In this work, we have proposed a new approach for the description of a local perturbation (quench) in s-calar field theory with the help of the Keldysh technique. This approach does not use the analytical continuation procedure, which in some cases may be ambiguous [10]. Moreover, the method presented in the work allows us to consider systems with an arbitrary initial state.

For the quench \(\hat {Q}({{x}_{q}}) = {{e}^{{ - i\frac{\alpha }{\hbar }\hat {\varphi }_{s}^{2}({{x}_{q}})}}}\), the evolution of the energy density was calculated for both the vacuum initial state and the state with an arbitrary initial distribution function fp.

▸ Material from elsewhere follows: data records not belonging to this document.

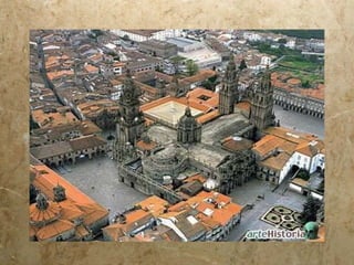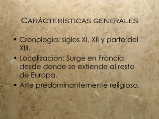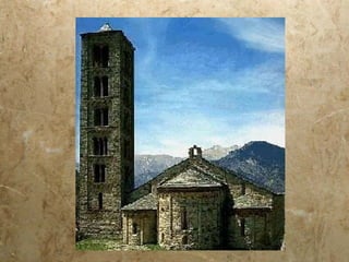 El documento describe las características generales del arte románico en la Edad Media, incluyendo su cronología, localización y arquitectura predominante. El estilo románico surgió en el siglo XI en Francia y se extendió por Europa, caracterizado por iglesias y monasterios de piedra con gruesos muros, bóvedas de cañón y arcos de medio punto. Algunos ejemplos notables son la catedral de Santiago de Compostela, la iglesia de San Clemente de Tahull y el monasterio de Ripoll.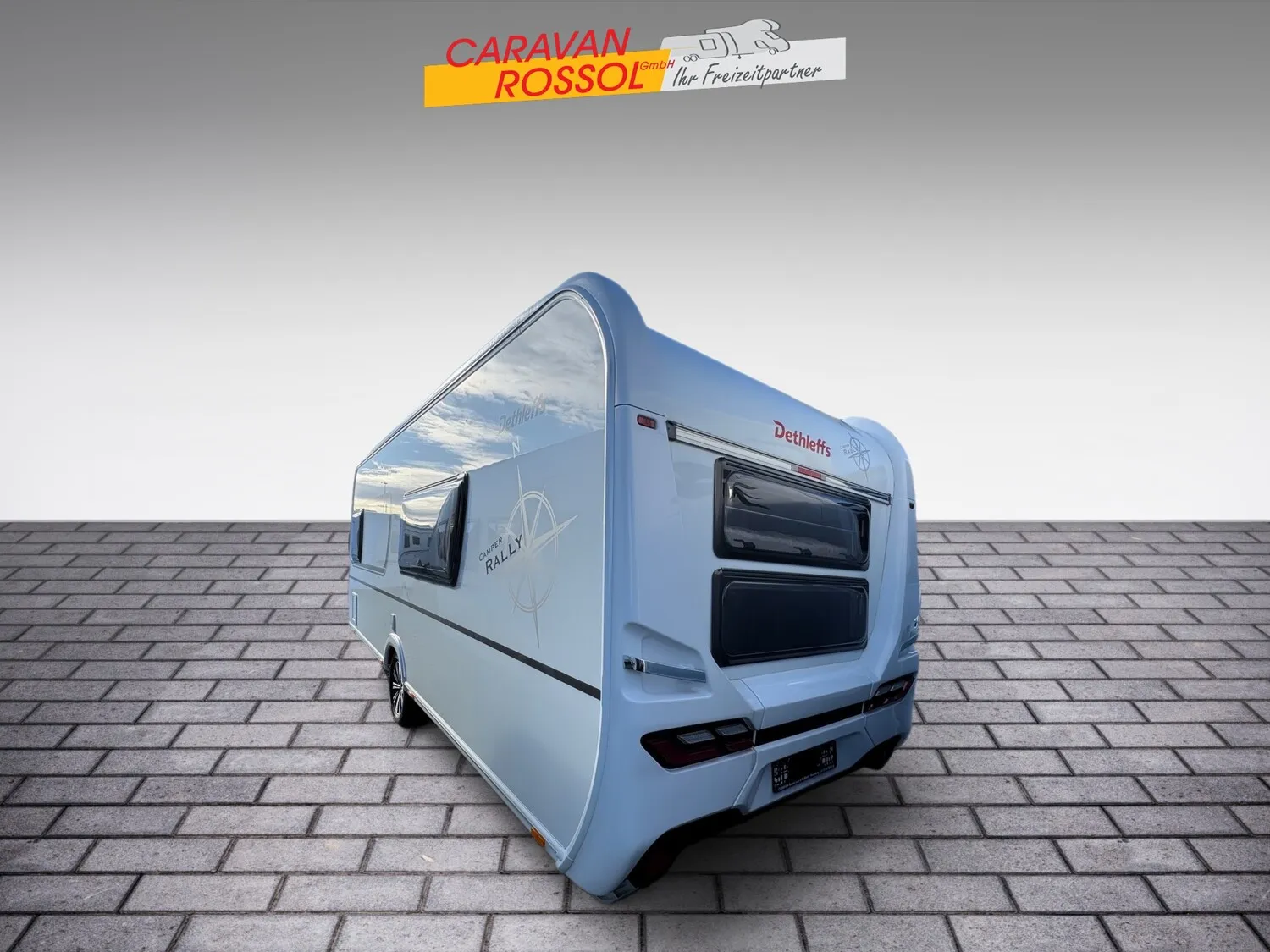 - Dethleffs Camper Rallye IC Sondermodell (Glattblech Außenwände, 17? Leichtmetallräder, Stabilformstützen mit Big Foot, Vollgummi Stützrad mit Stützlastanzeige, Rangiergriffe in Chrom-Ausführung, Heckleuchtenträger und Bugfront mit hohem Aufsatz und Dachreling, AL-KO »ATC Trailer Control«, Truma »DuoControl« mit Crashsensor und Eis-Ex, Auflastung 2,0 t, Multifunktions-Außenanschluss 12 V, 230 V, TV, SAT, Duschpaket inkl. Duscharmatur, Duschvorhang & City-Wasseranschluss, Dachklimaanlage, Elektrik-Autark Ausstattung, Indirekte Beleuchtung, Gasaußensteckdose, Wohnraumtür mit Fenster, ICLINE Beklebung »Camper Rally«)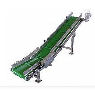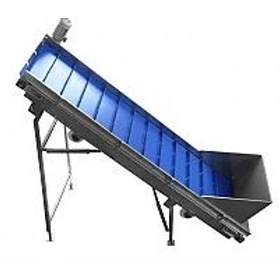Elevator conveyor is meant to transport the product to a higher level, usually to an inspection section or dosing equipment.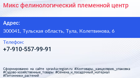 Микс, фелинологический племенной центр по адресу 300041, Тульская область, Тула, Колетвинова, 6 в дальнейшем Организация, размещена в следующих категориях: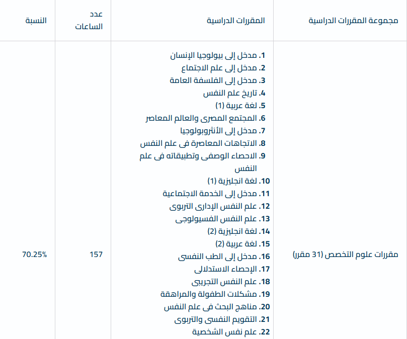 أما عن برنامج الليسانس في الآداب والتربية شعبة علم النفس …….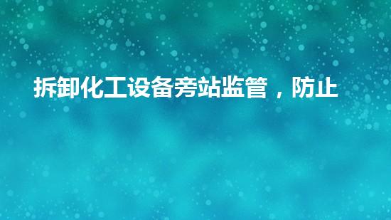 摘要:化工设备拆卸过程中,旁站监管可以避免意外伤害。本文从化工设备拆卸和旁站监管两个方面进行深入研究,探讨如何通过相关措施实现化工设备拆卸旁站监管,防范可能发生的意外伤害。正文:一、拆卸前的安全评估与...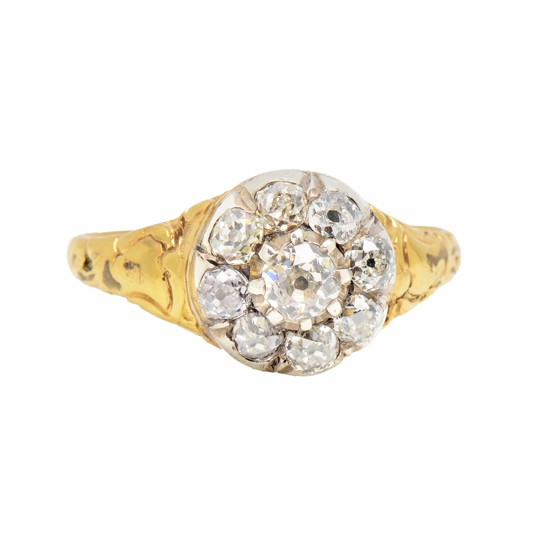 A jazzy melody for the eyes, behold this Victorian old mine cut diamond ring.Formed in a circular cluster, or in today's terms, a halo, it is a ring that keeps on giving. Wonderful, beefy, brilliant-cut old mine and cushion-cut diamonds give their all for

Two regimes of propagation of the disturbance front are described, depending on the size of the local disturbance region (the width of the smearing function \(\epsilon \)).

The approach to the description of the dynamics of a system after an instantaneous local perturbation obtained in this work can be generalized to the case of nonzero interaction, at least for the semiclassical approximation within the Keldysh technique. This is a topic for further investigation.